### TASK PROMPT:
Leaving out every picture, copy the lines of the material below exactly, from the line containing "in Harmony: Yellow" through the line containing "帮S妈录制视频的工作人员,从".

### MATERIAL SUPPLIED:
--
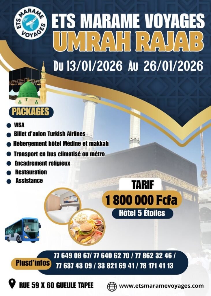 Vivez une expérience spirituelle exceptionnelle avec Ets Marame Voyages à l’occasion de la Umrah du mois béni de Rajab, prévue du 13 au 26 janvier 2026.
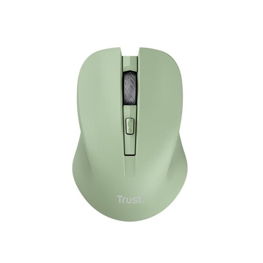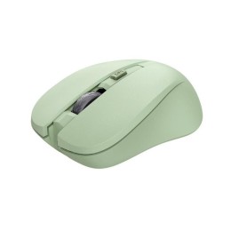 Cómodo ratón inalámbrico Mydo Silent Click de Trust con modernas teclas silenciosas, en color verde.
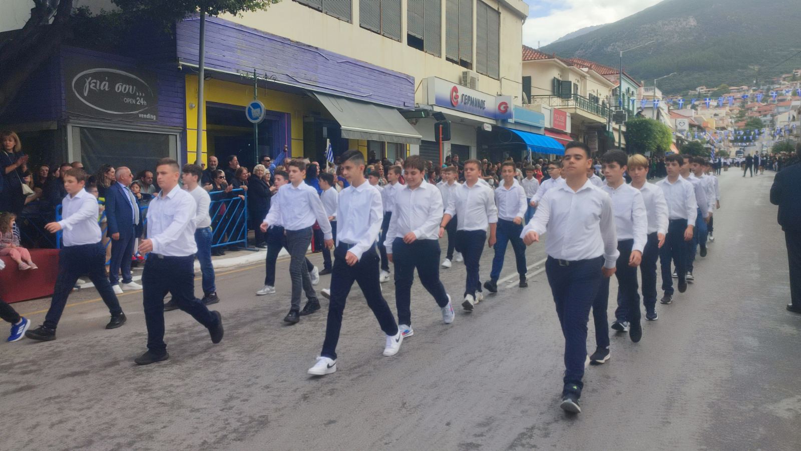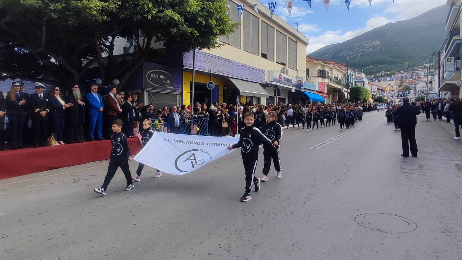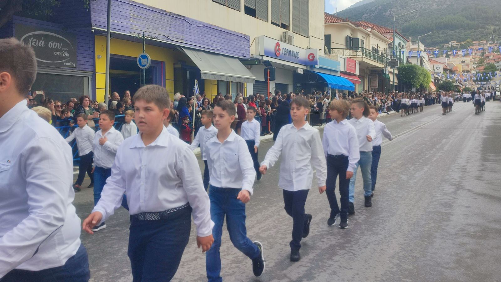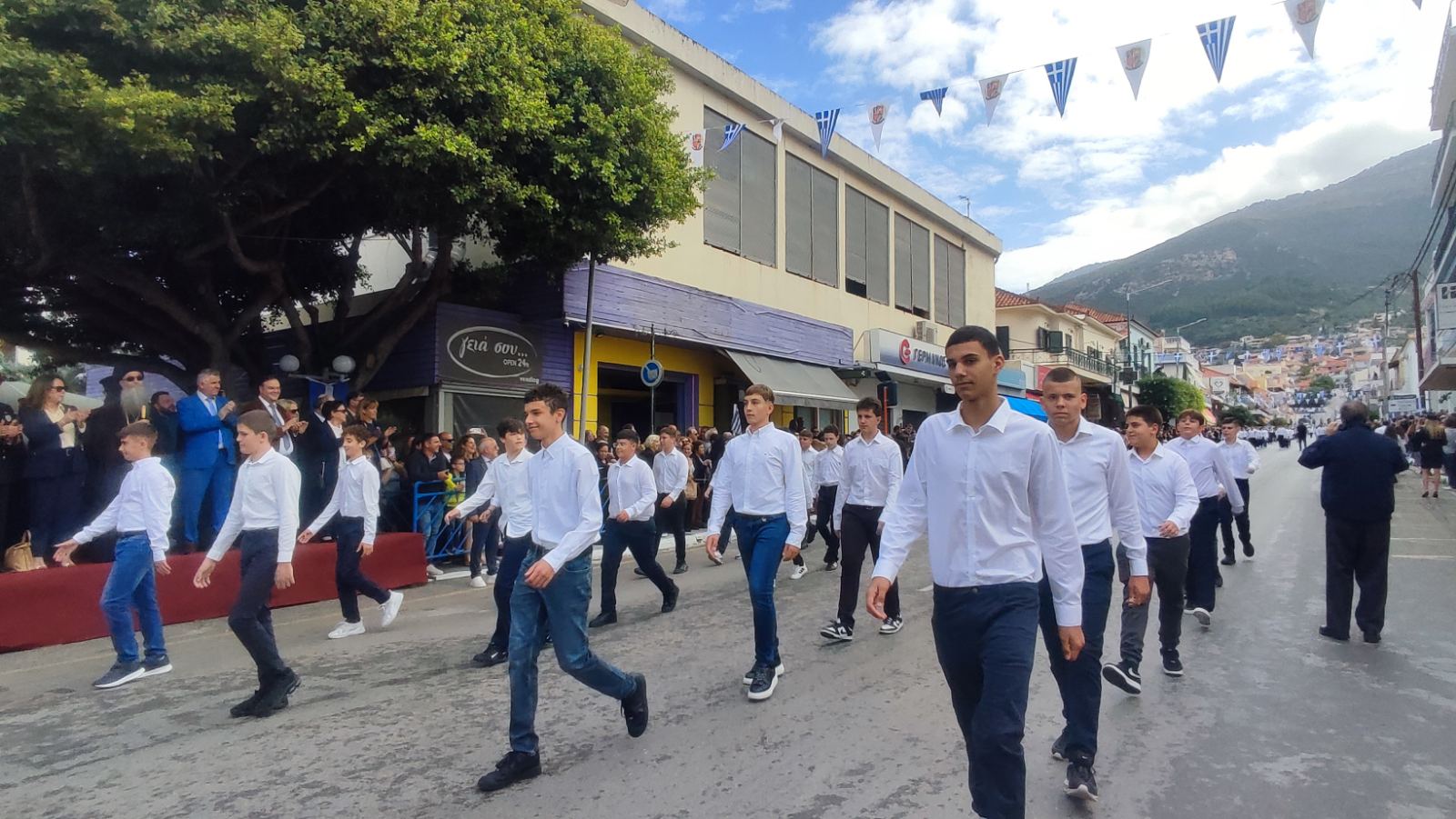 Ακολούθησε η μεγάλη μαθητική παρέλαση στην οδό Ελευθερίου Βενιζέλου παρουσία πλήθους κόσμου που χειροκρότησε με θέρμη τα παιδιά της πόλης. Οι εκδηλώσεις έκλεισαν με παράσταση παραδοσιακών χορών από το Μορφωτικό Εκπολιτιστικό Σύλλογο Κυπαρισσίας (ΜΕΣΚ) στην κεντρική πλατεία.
--
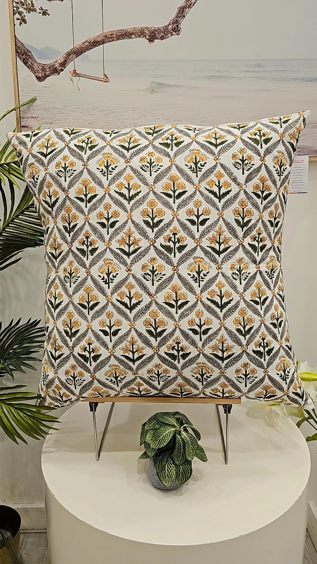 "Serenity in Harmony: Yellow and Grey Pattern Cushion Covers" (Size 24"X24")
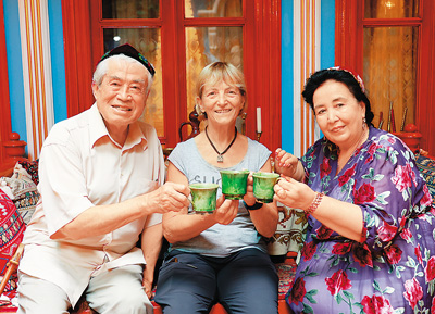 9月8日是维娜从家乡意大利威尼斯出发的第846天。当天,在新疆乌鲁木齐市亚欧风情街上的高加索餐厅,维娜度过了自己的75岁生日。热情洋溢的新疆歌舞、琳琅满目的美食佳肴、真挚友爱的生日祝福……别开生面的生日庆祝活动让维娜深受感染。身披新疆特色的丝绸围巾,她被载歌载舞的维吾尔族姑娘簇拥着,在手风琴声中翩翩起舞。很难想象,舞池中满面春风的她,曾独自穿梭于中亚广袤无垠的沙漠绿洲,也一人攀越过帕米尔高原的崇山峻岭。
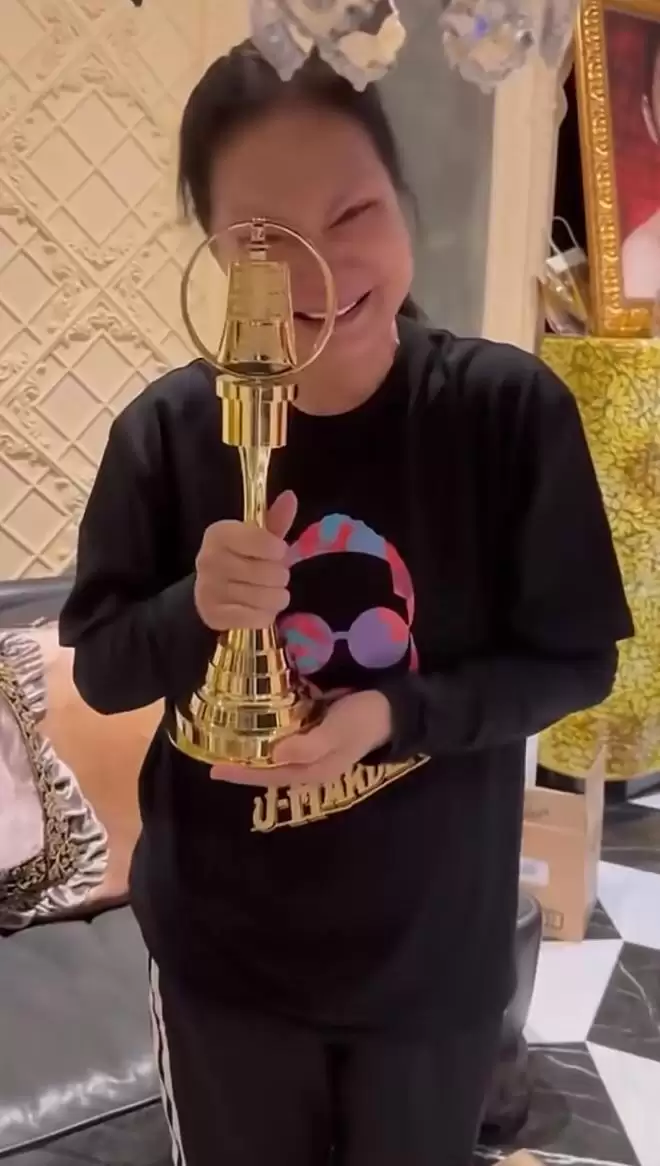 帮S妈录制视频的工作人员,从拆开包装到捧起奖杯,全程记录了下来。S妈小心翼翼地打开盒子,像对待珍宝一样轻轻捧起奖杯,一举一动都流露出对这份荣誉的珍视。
--
### WRITTEN ANSWER:
 "Serenity in Harmony: Yellow and Grey Pattern Cushion Covers" (Size 24"X24")
 9月8日是维娜从家乡意大利威尼斯出发的第846天。当天,在新疆乌鲁木齐市亚欧风情街上的高加索餐厅,维娜度过了自己的75岁生日。热情洋溢的新疆歌舞、琳琅满目的美食佳肴、真挚友爱的生日祝福……别开生面的生日庆祝活动让维娜深受感染。身披新疆特色的丝绸围巾,她被载歌载舞的维吾尔族姑娘簇拥着,在手风琴声中翩翩起舞。很难想象,舞池中满面春风的她,曾独自穿梭于中亚广袤无垠的沙漠绿洲,也一人攀越过帕米尔高原的崇山峻岭。
 帮S妈录制视频的工作人员,从拆开包装到捧起奖杯,全程记录了下来。S妈小心翼翼地打开盒子,像对待珍宝一样轻轻捧起奖杯,一举一动都流露出对这份荣誉的珍视。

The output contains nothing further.